──────── Data provided
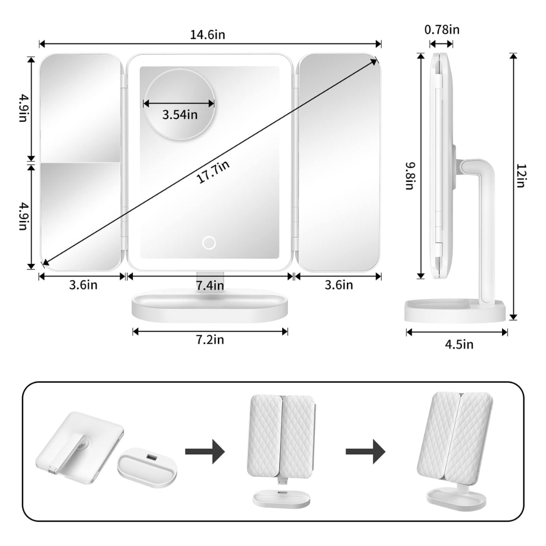 Kies uit 3 verlichtingsstanden om je ideale make-up te creëren. Pas de helderheid aan door de aanraakschakelaar 3 seconden ingedrukt te houden. Vergeet niet de knop aan de achterkant te activeren voor gebruik.
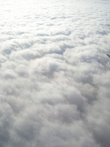 A photo taken from above the fluffy continuous clouds
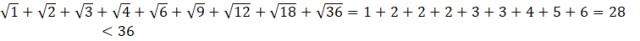 W tym zadaniu musisz znaleźć wszystkie dzielniki 36. Następnie musisz oszacować wartość sumy ich pierwiastków i pokazać, że jest ona mniejsza od 36.
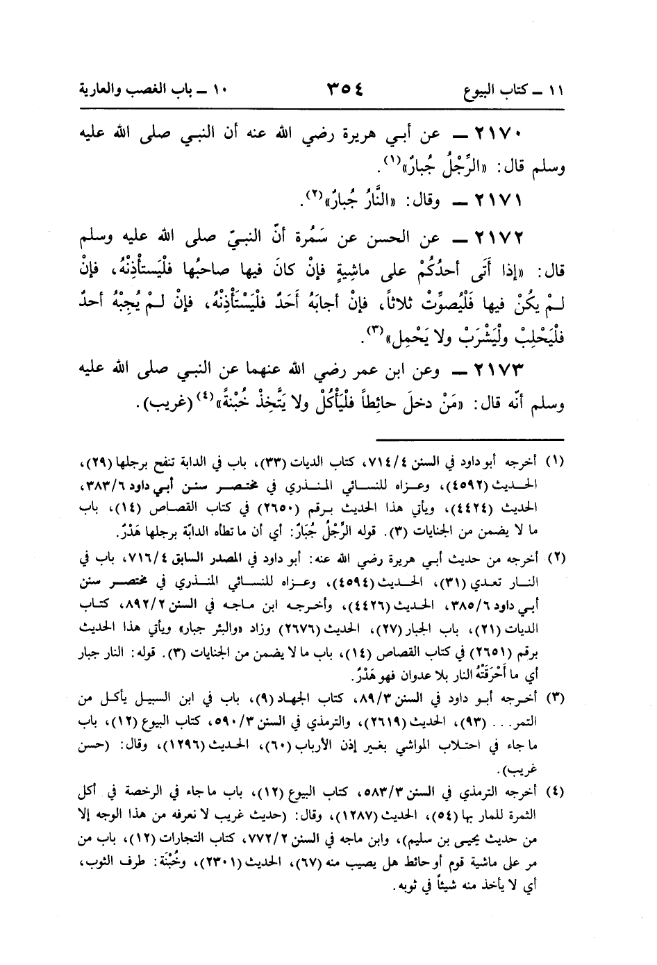 2170 - عن أبي هريرة رضي اللَّه عنه أن النَّبي صلى اللَّه عليه وسلم قال: "الرِّجْلُ جُبارٌ" (¬1).
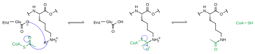 Proteins are typically acetylated on lysine residues, and the acetylation reaction relies on acetyl-coenzyme A as the acetyl group donor. In histone acetylation and deacetylation, histone proteins are acetylated and deacetylated on lysine residues in the N-terminal tail as part of gene regulation. Typically, these reactions are catalyzed by enzymes with histone acetyltransferase (HAT) or histone deacetylase (HDAC) activity, although HATs and HDACs can modify the acetylation status of non-histone proteins as well.[1]
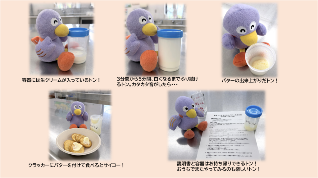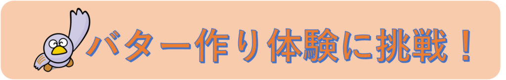 土日、祝日には、乳製品の手作り体験も行っています。一人150円の参加費で、アイスクリームやバター等、手作り体験ができます。季節によって変わり、コバトンが訪れた日は、バターの日。さっそく挑戦します💪🏻
────────────────
■ Prompt
What is needed is an exact copy of only the lines from the line containing "Proteins are typically" through the last line of the entries, inclusive, without the pictures.

■ Task output
 Proteins are typically acetylated on lysine residues, and the acetylation reaction relies on acetyl-coenzyme A as the acetyl group donor. In histone acetylation and deacetylation, histone proteins are acetylated and deacetylated on lysine residues in the N-terminal tail as part of gene regulation. Typically, these reactions are catalyzed by enzymes with histone acetyltransferase (HAT) or histone deacetylase (HDAC) activity, although HATs and HDACs can modify the acetylation status of non-histone proteins as well.[1]
 土日、祝日には、乳製品の手作り体験も行っています。一人150円の参加費で、アイスクリームやバター等、手作り体験ができます。季節によって変わり、コバトンが訪れた日は、バターの日。さっそく挑戦します💪🏻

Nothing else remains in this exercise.